Już 650 tys. ludzi mogło stracić pracę w Wielkiej Brytanii od początku pandemii koronawirusa. Taka liczba nazwisk zniknęła z ewidencji tamtejszego urzędu podatkowego. Nie płacą podatków, zatem nie pracują – tak oceniają sytuację statystycy.
Jak ostrzegają na Wyspach Brytyjskich ekonomiści, będzie jeszcze gorzej, a prawdziwa fala zwolnień szykuje się na jesieni.
Ponad 1/3 brytyjskich firm zamierza przeprowadzić zwolnienia jeszcze przed końcem października, kiedy to wygasa pakiet pomocowy skarbu państwa. Na jego mocy Brytyjczycy oddelegowani na przymusowy, płatny urlop, mogli otrzymywać 80 proc. dotychczasowej pensji.
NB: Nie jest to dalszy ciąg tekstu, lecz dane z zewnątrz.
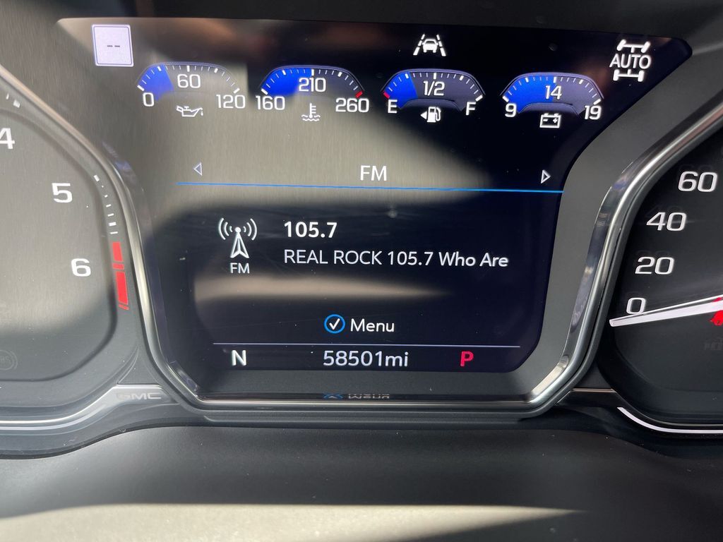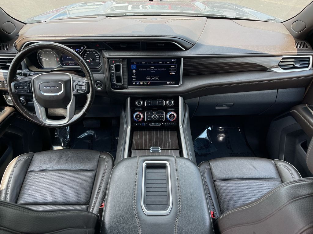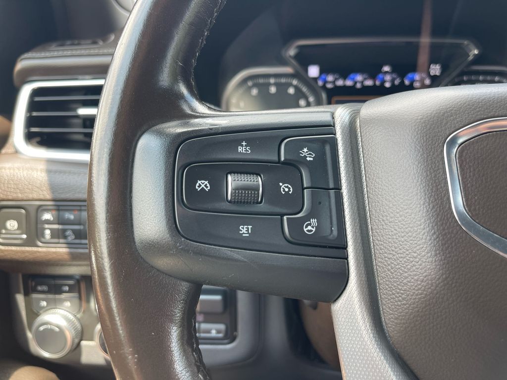 THIS VEHICLE INCLUDES THE FOLLOWING FEATURES AND OPTIONS: 4WD, 12-Way Power Seat Adjusters, 14 Speakers, 15 Diagonal Multi-Color Head-Up Display, 2 Presets For Outside Rearview Mirrors, 3.23 Rear Axle Ratio, 3rd Row 60/40 Power-Folding Split-Bench Seat, 3rd row seats: split-bench, 4-Wheel Disc Brakes, ABS brakes, Adaptive suspension, Air Conditioning, Alloy wheels, AM/FM radio: SiriusXM with 360L, Apple CarPlay/Android Auto, Auto High-beam Headlights, Auto-dimming door mirrors, Auto-dimming Rear-View mirror, Auto-leveling suspension, Automatic Emergency Braking, Automatic temperature control, Bodyside moldings, Bose 14-Speaker Surround w/CenterPoint, Brake assist, Bright Front & Rear Door Sill Plates, Bumpers: body-color, Chrome Door Handles w/Body-Color Strip, Compass, Cruise Control, Delay-off headlights, Driver door bin, Driver vanity mirror, Dual Exhaust System, Dual front impact airbags, Dual front side impact airbags, Electronic Stability Control, Emergency communication system: OnStar and GMC connected services capable, Following Distance Indicator, Forward Collision Alert, Four wheel independent suspension, Front anti-roll bar, Front Bucket Seats, Front Center Armrest, Front dual zone A/C, Front fog lights, Front Pedestrian Braking, Front reading lights, Fully automatic headlights, Galvano Bodyside Moldings, Garage door transmitter, Hands-Free Power Programmable Rear Liftgate, HD Radio, HD Surround Vision, Heads-Up Display, Heated & Ventilated Driver & Front Passenger Seats, Heated 2nd Row Outboard Position Seats, Heated Automatic Steering Wheel, Heated door mirrors, Heated Driver & Front Passenger Seats, Heated front seats, Heated rear seats, Heated steering wheel, Hill Descent Control, Illuminated entry, Inside Rear-View Auto-Dimming Mirror, IntelliBeam Automatic High Beam On/Off, Lane Change Alert w/Side Blind Zone Alert, Lane Keep Assist w/Lane Departure Warning, Leather steering wheel, Low tire pressure warning, Magnetic Ride Control Suspension, Memory seat, Occupant sensing airbag, Outside Heated Power-Adjustable Mirrors, Outside temperature display, Overhead airbag, Overhead console, Panic alarm, Passenger door bin, Passenger vanity mirror, Perforated Leather Seating Surfaces, Power door mirrors, Power driver seat, Power Liftgate, Power passenger seat, Power Release 2nd Row Bucket Seats, Power steering, Power Tilt & Telescopic Steering Column, Power windows, Radio: AM/FM/SiriusXM w/Navigation, Rain sensing wipers, Rear air conditioning, Rear anti-roll bar, Rear Cross Traffic Alert, Rear Pedestrian Alert, Rear reading lights, Rear window defroster, Rear window wiper, Remote keyless entry, Roof rack: rails only, Security system, SiriusXM w/360L, Speed-sensing steering, Split folding rear seat, Spoiler, Steering wheel memory, Steering wheel mounted audio controls, Tachometer, Telescoping steering wheel, Tilt steering wheel, Traction control, Trip computer, Turn signal indicator mirrors, Universal Home Remote, Variably intermittent wipers, Ventilated front seats, Voltmeter, and Wheels: 20 x 9 6-Spoke Polished Aluminum.

Państwowa pomoc będzie się stopniowo zmniejszać w założeniu, że coraz więcej ludzi powracać będzie do pracy po miesiącach przymusowego postoju. Stopniowo też odpowiedzialność za pensję przejmą pracodawcy. Ale nie wszyscy będą w stanie tego dokonać.
Sondaż przeprowadzony wśród prawie 7,5 tys. firm na Wyspach Brytyjskich ustalił, że 30 proc. z nich zamierza likwidować miejsca pracy.
Taką ankietę przeprowadza się w Wielkiej Brytanii regularnie. To 4 razy więcej niż w ubiegłym roku w tym samym czasie.
Według opublikowanych niedawno danych, od początku pandemii koronawirusa brytyjska gospodarka skurczyła się o prawie 20 proc.